According to the above embodiment, the vehicle C is carried into the slat conveyor 1, and the front and rear wheels of the vehicle C are placed on the rotating rollers 4, 4 of the side slip measuring means 3A, 3B. is mounted on the slat conveyor 1 and is moved at the running speed of the slat conveyor 1. Along with this movement, the chain sprocket 17 of the rotating roller 4 engages with the driving chain 6 of the driving means 5, and the rotating roller 4 is rotationally driven, whereby the wheels W of the vehicle C riding on the rotating roller 4 are rotated. Rotate. Along with this rotation, side slip occurs due to toe-in, tire pattern, etc., and the rotating roller 4 moves laterally along the shaft 8 due to the reaction force, and the position sensor 16 detects the amount of movement. The side slip of the front and rear wheels of the vehicle C is measured simultaneously.

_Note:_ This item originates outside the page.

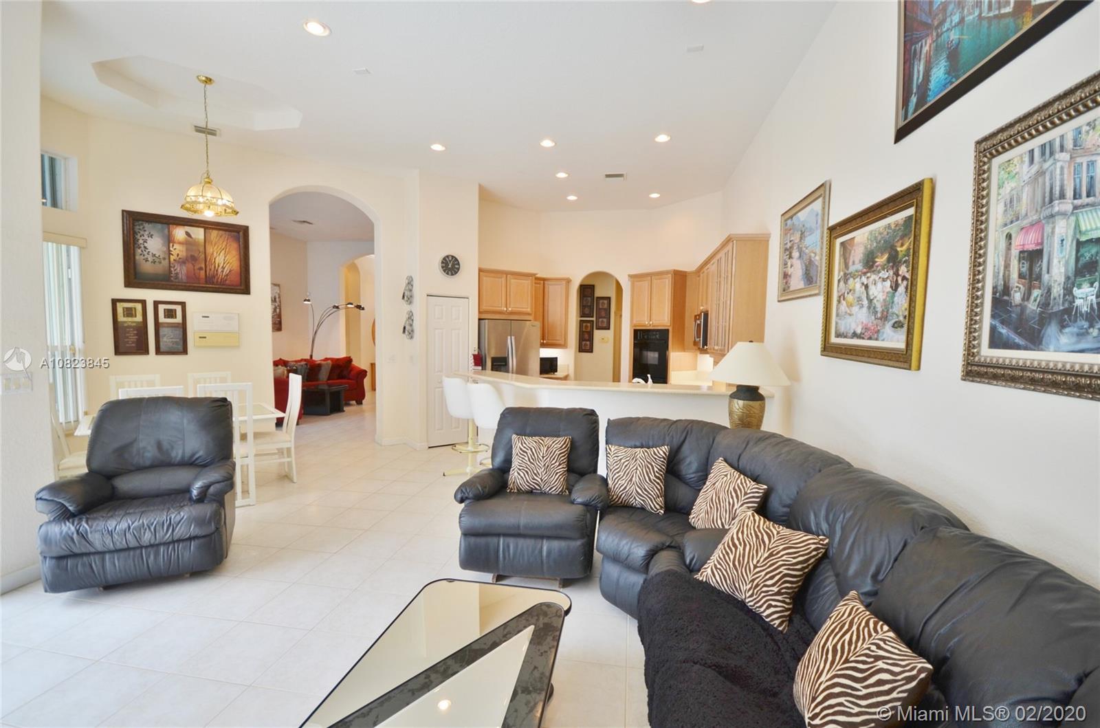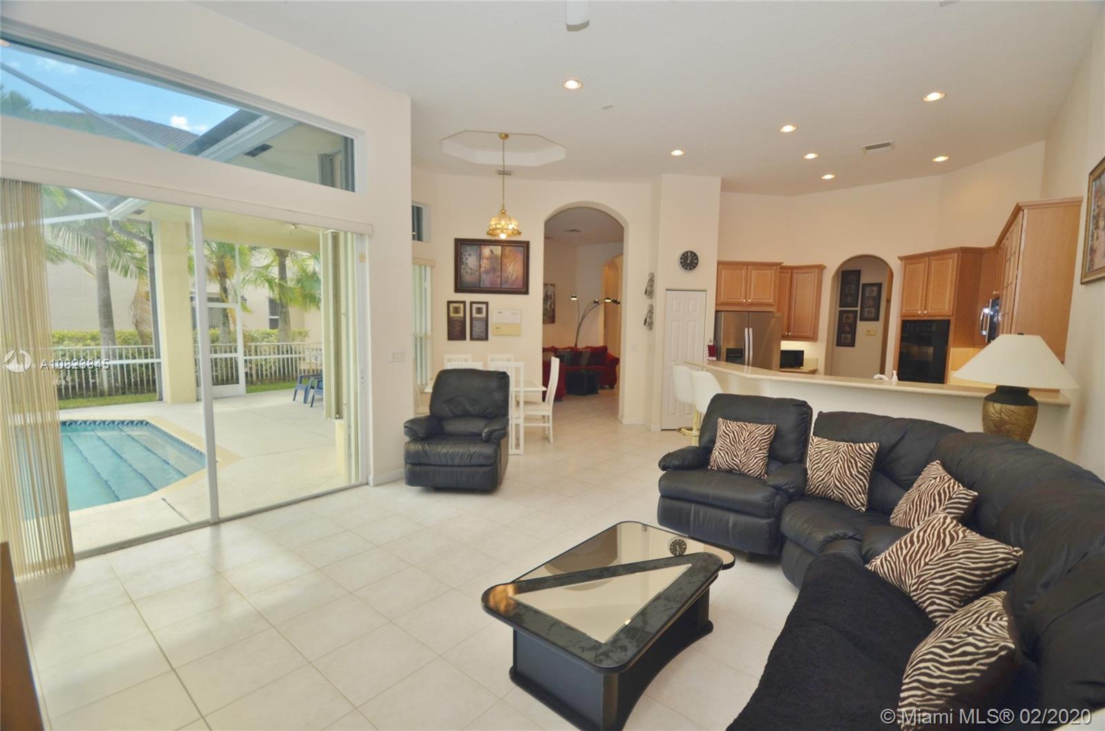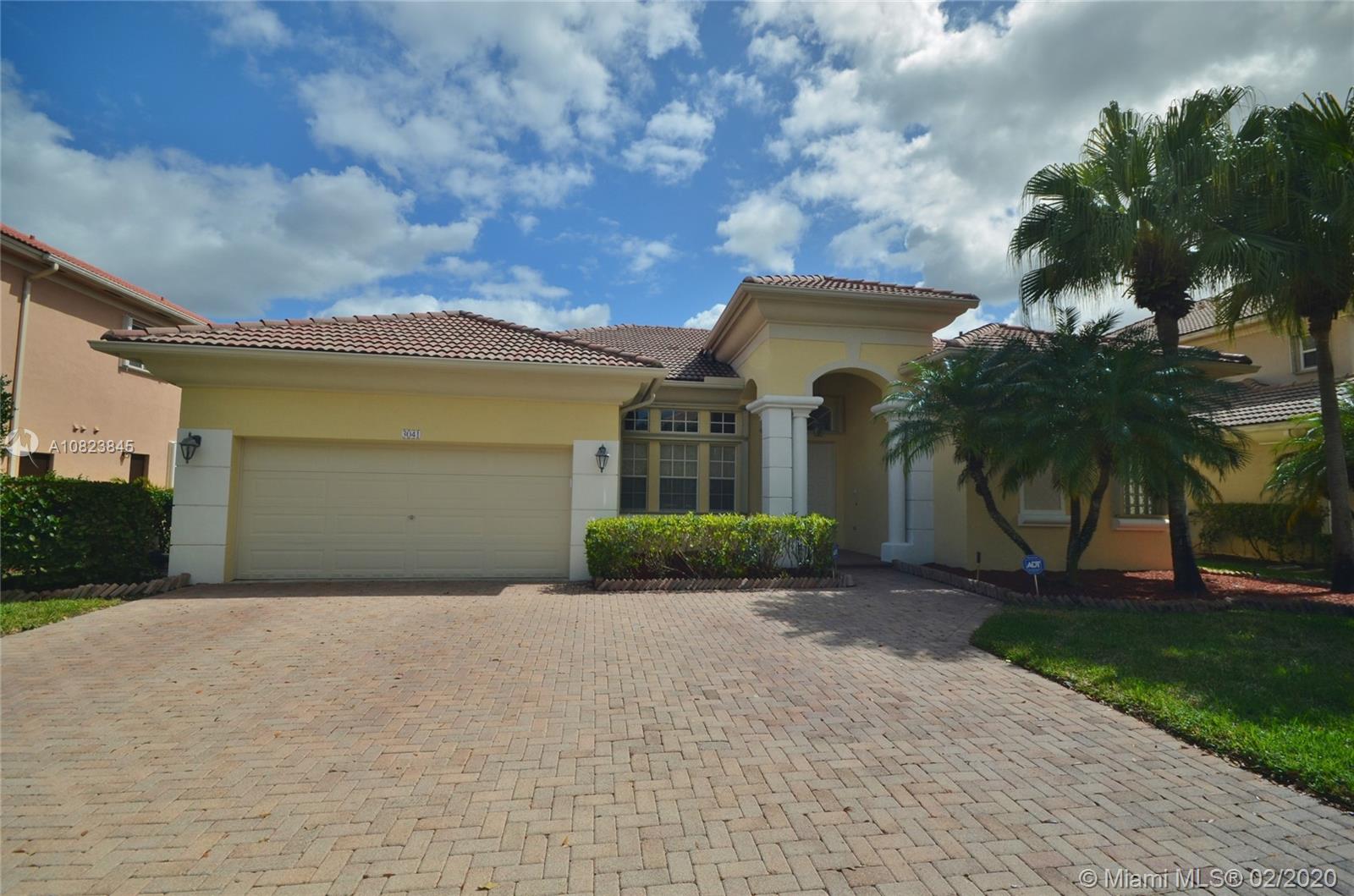 Stunning 1 story, 5 bedrooms, 3 bathrooms, 2 car garage, pool, popular Rubens model with breathtaking lake views in gated Grand Isles of Sunset Lakes. This home features an open spacious floor plan, high ceilings, crown moldings, tiled through living areas, hi hat lighting, dramatic trey ceilings, updated kitchen counter tops with 42"updated cabinets, and a breakfast nook area that looks out into the pool and lake. Great natural light makes it very inviting Master bedroom with his and hers walk-in closet. Spacious master bath with soaking tub, shower and separate sinks. Walk -in closets in all bedrooms. Exterior features screened patio, sparkling pool, and gorgeous lakeviews, perfect for gatherings. Accordions shutters. The community offers many amenities. Make it yours today!!!

Although the present invention is capable of measuring the front and rear wheels at the same time, it is also configured so that side slip of only the front or rear wheels can be measured if necessary. In that case, the operating cam 23 corresponding to the rear wheel or front wheel side slip measuring means 3B or 3A that is not being measured is moved, and the rod 24, which is released from contact with the operating cam 23, is connected to the spring 26. As the wheels move due to the urging force of It is something.

The drive means 5 is configured to be able to drive the side slip measuring means 3A for the front wheels and the side slip measuring means 3B for the rear wheels independently, so that the driving speed of the front and rear wheels can be changed or when unnecessary. It may also be stopped.

[Brief explanation of drawings]

Fig. 1 is a schematic plan view showing a side slip measuring device for a vehicle according to an embodiment of the present invention, Fig. 2 is a schematic side view thereof, and Fig. 3 is a detailed side view showing a side slip measuring means partially in section. , Figure 4 is the third
FIG. 5 is a detailed sectional view taken along the line - in FIG. 3. FIG. 5 is a detailed sectional view taken along the line - in FIG. 1... Slut conveyor, 3A, 3B... Side slip measuring means, 4... Rotating roller, 5...
Drive means.

Claims (1)

[Claims] 1 Rotating rollers of rotating roller side slip measuring means for front wheels and rear wheels are installed at intervals corresponding to the wheel base of the vehicle in an endless slat conveyor laid within a certain section, and A driving means for driving the rotating rollers is provided within a specific section where the front wheels and rear wheels are mounted on the rotating rollers, so that side slips of the front wheels and rear wheels can be measured simultaneously on the conveyor. Vehicle side slip measuring device.